Once the model is trained it is placed into the Google Bucket under: 

```
black_friday_gcp_bucket/serving_model/black-friday-gcp-vertex-pipelines/#
```

This model will need to be registered in Vertex AI's Model service.

Once this model has been setup, Vertex AI's endpoint service can easily be configured to point to the registered model.

### Inferencing
Once the endpoint has been set up it can be inferenced using a HTTP request. 

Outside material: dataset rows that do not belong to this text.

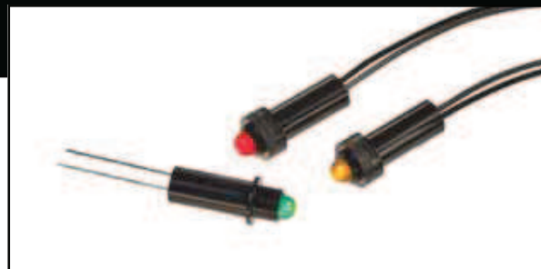
5mm Panel Mount LED Assemblies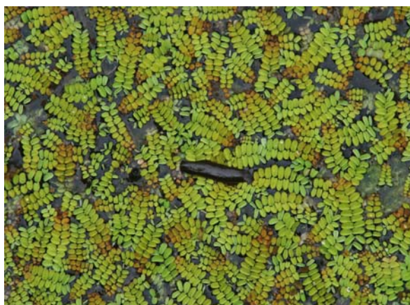
Fig. 8. Salvinia natans in Brashlen-Kalimok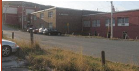
St. John Bosco (K-9)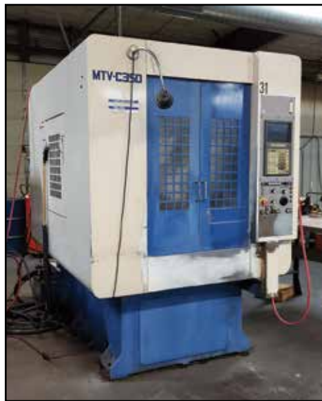
MIYANO MTV-C350 CNC Vertical Machining Center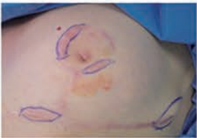
Close up of the scars to be treated (left breast).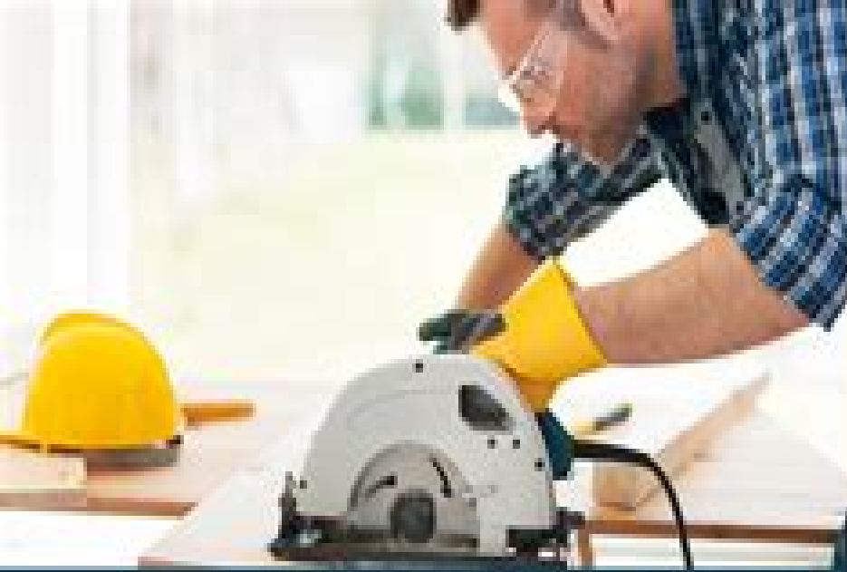
Take Extra Care While Working With Power Tools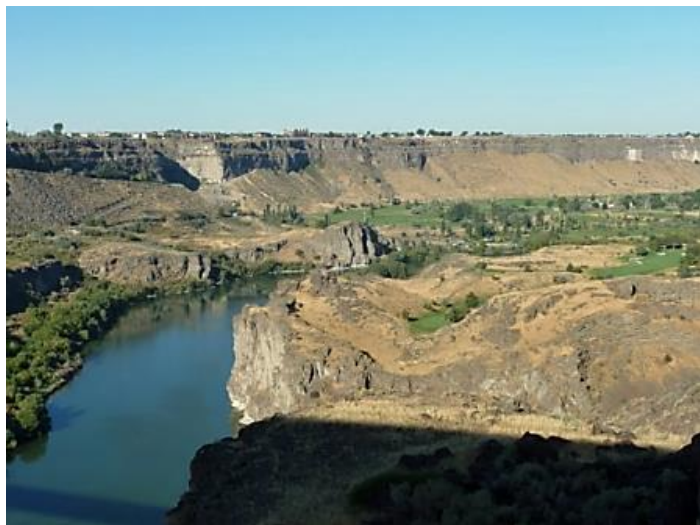
Snake River Canyon by Twin Falls, Idaho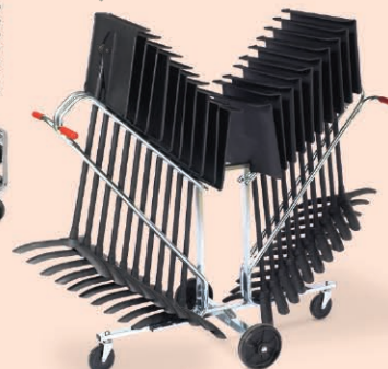
DYMS20 HOLDS UP TO 20 MUSIC STANDS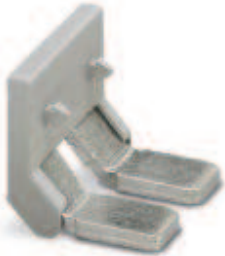
Insertion bridge, Number of positions: 2, Color: gray

Please be informed that the data shown in this PDF Document is generated from our Online Catalog. Please find the complete data in the user's documentation. Our General Terms of Use for Downloads are valid ( http://phoenixcontact.com/download )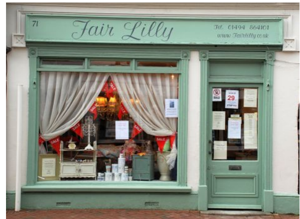
High Street Shop. Great Missenden

The other settlements within the Parish have different problems with regard to the provision of retail space.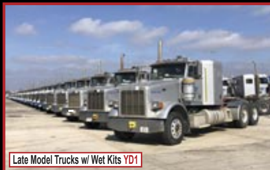
Late Model Trucks w/ Wet Kits YD1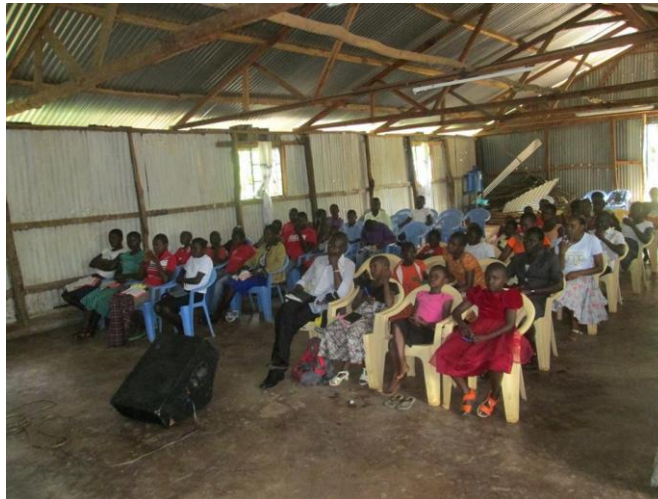
Faith comes by hearing the Word of God.

We request for your prayers for these wonderful young brothers sisters in the Lord. Thank you all our dear friends and supporters for your love, prayers and giving towards our ministry work.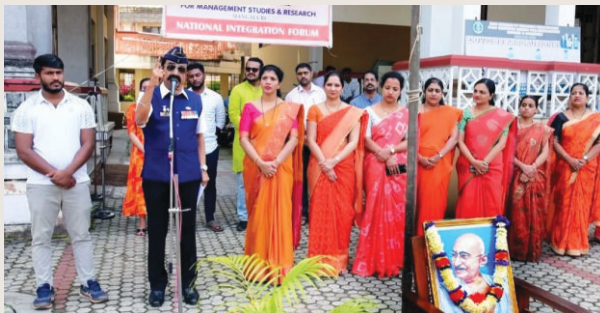
Gandhi Jayanti celebration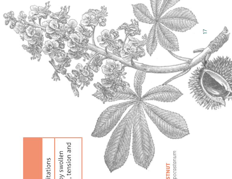
HORSE CHESTNUT Aesculus hippocastanum

* Status of individual dossiers to be checked with dossier owner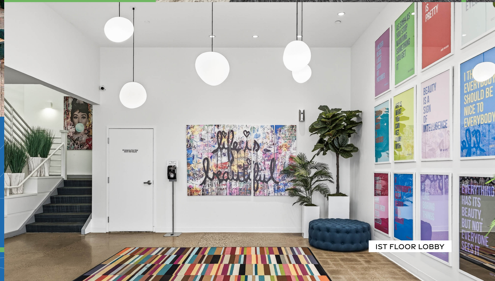
1ST FLOOR LOBBY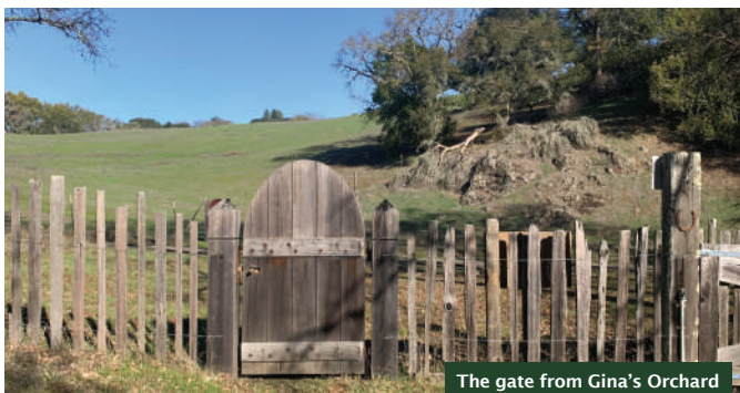
The gate from Gina's Orchard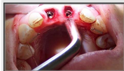
Fig. 8: Implant placement

To inference request's body structure is:

```
      {"instances": 
        [
        {"Age": [0.1],
        "City_Category": [0.2],
        "Gender": [0.3],
        "Marital_Status": [0.4],
        "Occupation": [0.5], 
        "Product_Category_1": [0.6],
        "Product_Category_2": [0.7],
        "Product_ID": [0.8],
        "Stay_In_Current_City_Years": [0.9]}
        ]
      }
```

You will notice that the inference values are encoded. This is because the servnig model does not use the transform_graph generated in the training pipeline.

There are two ways to solve this issue:
1. Create a signiture for the model using python decorators.
2. Create a Google Cloud service that manually maps inputs for the model.

For simplicity the latter has been implemented however template code for a signiture has been left in the trainer module.